- **What this task involves**
With the line containing "Tak na prawdę" as the start and the line containing "The Protocols page allows" as the end, transcribe that span of the entries below exactly, including both.

- **Input for this task**
==*==
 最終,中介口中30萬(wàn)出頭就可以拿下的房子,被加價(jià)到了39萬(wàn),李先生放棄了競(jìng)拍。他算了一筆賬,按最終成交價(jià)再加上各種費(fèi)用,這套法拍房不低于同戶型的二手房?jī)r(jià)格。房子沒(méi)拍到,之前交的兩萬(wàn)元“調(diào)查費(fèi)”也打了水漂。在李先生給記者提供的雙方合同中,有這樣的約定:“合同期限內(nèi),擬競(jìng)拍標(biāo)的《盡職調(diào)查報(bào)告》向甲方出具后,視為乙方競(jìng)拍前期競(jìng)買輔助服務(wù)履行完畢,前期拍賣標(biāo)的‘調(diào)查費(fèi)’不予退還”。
==*==
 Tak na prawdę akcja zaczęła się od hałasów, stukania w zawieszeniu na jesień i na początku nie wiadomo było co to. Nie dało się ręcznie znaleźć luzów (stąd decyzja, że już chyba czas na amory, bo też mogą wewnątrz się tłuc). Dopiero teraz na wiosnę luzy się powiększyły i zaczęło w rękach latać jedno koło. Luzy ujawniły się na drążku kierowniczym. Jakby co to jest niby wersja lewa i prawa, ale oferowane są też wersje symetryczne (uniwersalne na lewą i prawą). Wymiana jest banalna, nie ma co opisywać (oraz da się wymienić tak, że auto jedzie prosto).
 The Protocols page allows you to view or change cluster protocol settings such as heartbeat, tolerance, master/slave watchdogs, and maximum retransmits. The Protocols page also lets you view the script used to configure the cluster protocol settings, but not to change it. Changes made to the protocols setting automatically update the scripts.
==*==
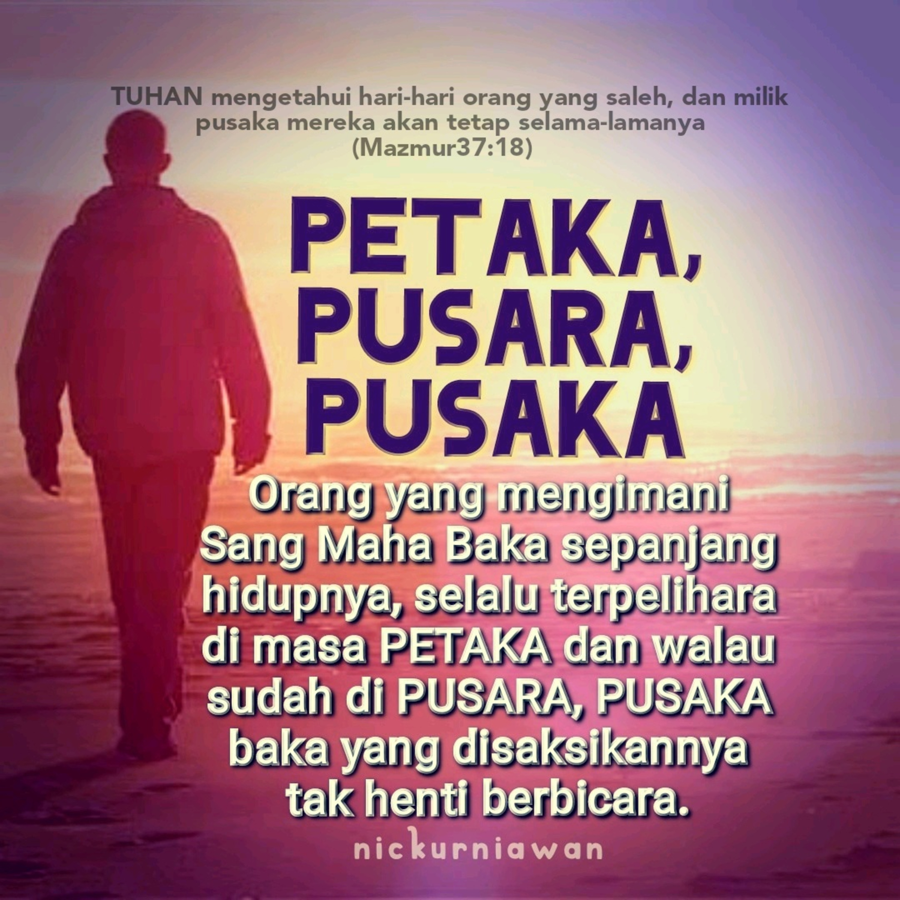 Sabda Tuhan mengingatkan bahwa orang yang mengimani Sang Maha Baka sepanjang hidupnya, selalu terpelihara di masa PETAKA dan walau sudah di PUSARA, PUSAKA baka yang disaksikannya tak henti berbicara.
==*==
- **Solution for this task**
 Tak na prawdę akcja zaczęła się od hałasów, stukania w zawieszeniu na jesień i na początku nie wiadomo było co to. Nie dało się ręcznie znaleźć luzów (stąd decyzja, że już chyba czas na amory, bo też mogą wewnątrz się tłuc). Dopiero teraz na wiosnę luzy się powiększyły i zaczęło w rękach latać jedno koło. Luzy ujawniły się na drążku kierowniczym. Jakby co to jest niby wersja lewa i prawa, ale oferowane są też wersje symetryczne (uniwersalne na lewą i prawą). Wymiana jest banalna, nie ma co opisywać (oraz da się wymienić tak, że auto jedzie prosto).
 The Protocols page allows you to view or change cluster protocol settings such as heartbeat, tolerance, master/slave watchdogs, and maximum retransmits. The Protocols page also lets you view the script used to configure the cluster protocol settings, but not to change it. Changes made to the protocols setting automatically update the scripts.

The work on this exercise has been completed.